Neil Warnock Is The Daddy, Says Cardiff City's Sol Bamba

Sol Bamba believes Neil Warnock is The Daddy when it comes to the paternal powers of football managers.

The Cardiff City centre-back has paid tribute to his “father figure” who he says has cajoled, scolded, praised and inspired the club’s players to achieving their astonishing start to the season of five straight victories.

Bamba scored the winner against QPR in the 2-1 triumph on Saturday to propel Cardiff three points clear at the top, four above third spot, and open a seven-point gap to seventh place.

Warnock has confessed his team’s perfect five-star start has surprised, even startled him, and surpasses any he has achieved in his five decades in the game.

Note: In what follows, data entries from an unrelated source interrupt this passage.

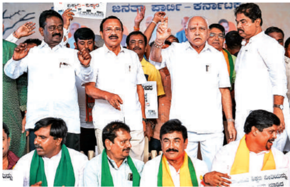
ने यहां संवाददाताओं से बातचीत में कहा, पूर्व पीएम देवेगौड़ा ने हमारे प्रधानमंत्री से मुलाकात की और उन्होंने चार सीट तय कर ली हैं। इसका स्वागत करता हूँ... भाजपा और जद (एस) के बीच तालमेल होगा।

एजेंसी। बेंगलुरु कर्नाटक के पूर्व मुख्यमंत्री बी.एस. येदियुरप्पा ने शुक्रवार को कहा कि भाजपा 2024 के लोकसभा चुनाव के लिए पूर्व प्रधानमंत्री एच.डी. देवेगौड़ा की पार्टी जनता दल (सेक्युलर) के साथ तालमेल करेगी। येदियुरप्पा की इस घोषणा ने राज्य में सियासी तापमान बढ़ा दिया है। भाजपा संसदीय बोर्ड के सदस्य येदियुरप्पा ने कहा कि चुनावी तालमेल के तहत जद (एस) कर्नाटक में 28 संसदीय क्षेत्रों में से चार पर चुनाव लड़ेगी। येदियुरप्पा
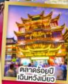
ตลาดร้อยปีเงินหวังเมียว
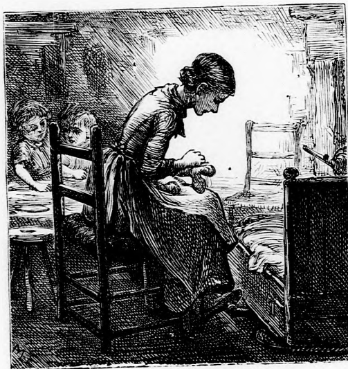
MARISKA . . . VARROGATOTT. (Lásd a 403. lapon.)

— No lám, pedig sokan vannak ám, akik éheznek. Hiszen nem mondom, hogy valami nagyon kopik a fogunk zsiros pecsenyékben . . . bizony nem is emlékszem, mikor volt sült az asztalunkon; de hát a nélkül is meglehet élni. És ami kevés fölösleges pénzünk
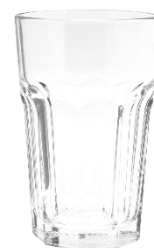
3. szklanka –
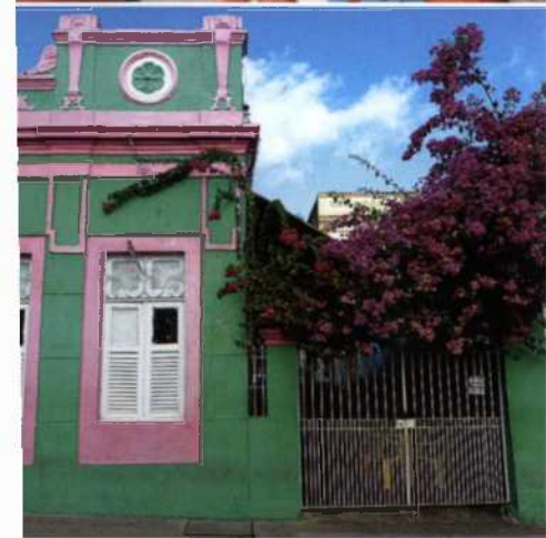
Eine der Ikonen Brasiliens: der Zuckerhut (oben). Brasilianer sind bekannt für ihre Fröhlichkeit (Mitte). Bougainvillea als Kletterpflanze in Recife (unten). Die berühmten Wasserfälle von Iguazu (vorherige Seite).
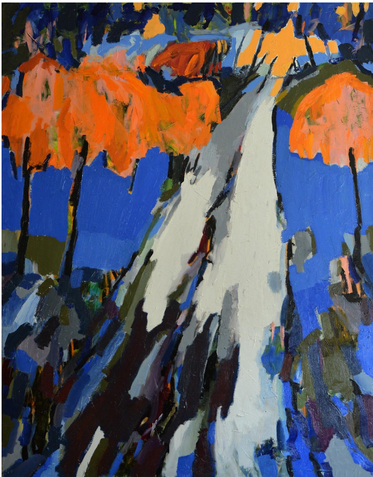
Le chemin de la vigne à Baudat, 200X150 cm
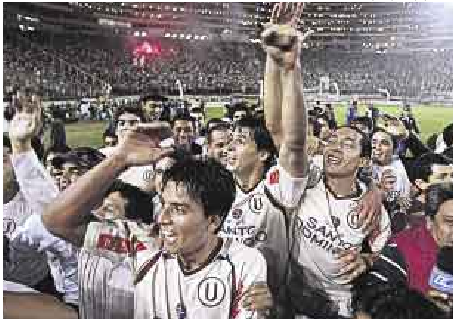
A TODO PULMÓN. Jugadores, cuerpo técnico, hinchas... Todos gritaron ¡campeón! anoche.
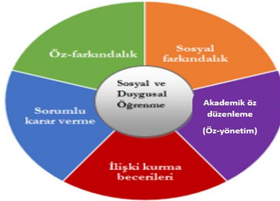
Şekil 1. Sosyal duygusal öğrenme değişkenleri (Totan, 2014, s. 62 esas alınarak hazırlanmıştır.)

Şekil 1'e bakıldığında sosyal duygusal öğrenmenin öz farkındalık, sosyal farkındalık, akademik öz düzenleme (öz yönetim), ilişki kurma becerileri ve sorumlu karar verme olmak üzere beş değişkenden oluştuğu görülmektedir.
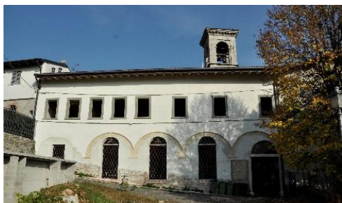
L'ex convento della Ripa, facciata Nord
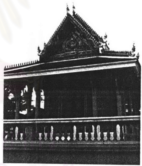
ภาพที่ 4.41 หอพระไตรปิฎกวัดกุหาสวรรค์
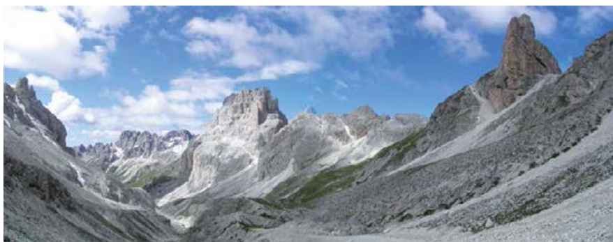
♣ WIDOK NA DOLINĘ VAL DE VAJOLET.

★ Okoliczne cele: Rif. Vajolet, Rif. Preuss, Rif. Passo Principe.

But it is built on the familiar Warnock theme of finding wayward, often troubled players and offering them the warmth of a paternal arm around their sagging shoulders and self-belief.

Ivorian central defender Bamba is one and his 68-year-old manager is also restoring the careers and egos of four other previously unloved but now key players – Kenneth Zohore, Junior Hoilett, Nathaniel Mendez-Laing and Loic Damour.

“He’s like a father figure to be honest,” said Bamba, who was banned for three matches last season after a touchline meltdown following his sending off at Ipswich.

“We’ve got a very good relationship. We don’t even need to talk much, we just understand each other and he’s given me a lot of confidence to express myself on the pitch.

“When it’s not good he’ll tell you as it is, and when it’s good he’s happy to praise you and that’s what we like.

“He has been a calming influence on me. He gives out a rollicking when you need one. But he gets that balance between when you need to be really woken up and when you need to be calmed down.

“His mind is very, very young. There are a few things about him, which I can’t tell you. He’s very good with the lads, jokes around a lot but at the same time he’s straightforward, and I think footballers appreciate that.

“We had always been in contact, but we had never managed to properly work together before. But as soon as he had the chance to bring me in he did and as soon as I had the chance to work with him I took it.”

Bamba, 31, had been shown the door by Leeds United when Warnock made him his first Cardiff signing last October.

The France-raised defender had gone through five clubs in as many years but after some of those frustrations bubbled to the surface last season, he is now the lynchpin in a Bluebirds defence that has conceded only two goals in 450 minutes.

Warnock said: “You can see why I gave Sol a three-year contact this week. He epitomises Cardiff City at the minute. He brings the best out of Sean Morrison and it’s a happy place.”

“It’s a happy place here at present, but I’m glad we’ve got two weeks off, without a press conference.

“Our supporters will be dreaming of things like promotion, but I normally see 15 points as meaning we need 35 more points to be safe.

“I have to say I’m a little bit more optimistic than that. We’ll be okay if we can stay in the top six by the end of October, but I don’t kid myself.”

QPR were the first club to take the lead against Cardiff this season through Matt Smith’s header. But Hoillett’s persistence gave him a deserved if fortuitous goal against his former club, before Manga’s towering header reflected Cardiff’s dominance.

Rangers manager Ian Holloway complained that referee Simon Hooper should have taken a firmer line towards Cardiff’s Lee Peltier for a challenge on Josh Scowen, when it was still scoreless.

“I over-reacted to a Peltier challenge on my midfelder at first, but my team reacted to that and that’s why we went in front.

“Was it deliberate? Who knows? But the ref should have seen it, though. That’s his job, isn’t it?

“On a different day, we might have sneaked a goal at the end.

“But that’s as good as Cardiff team as I’ve seen. They play some good stuff and the big man up front, Kenneth Zohore, is a handful. They have some potency up front.”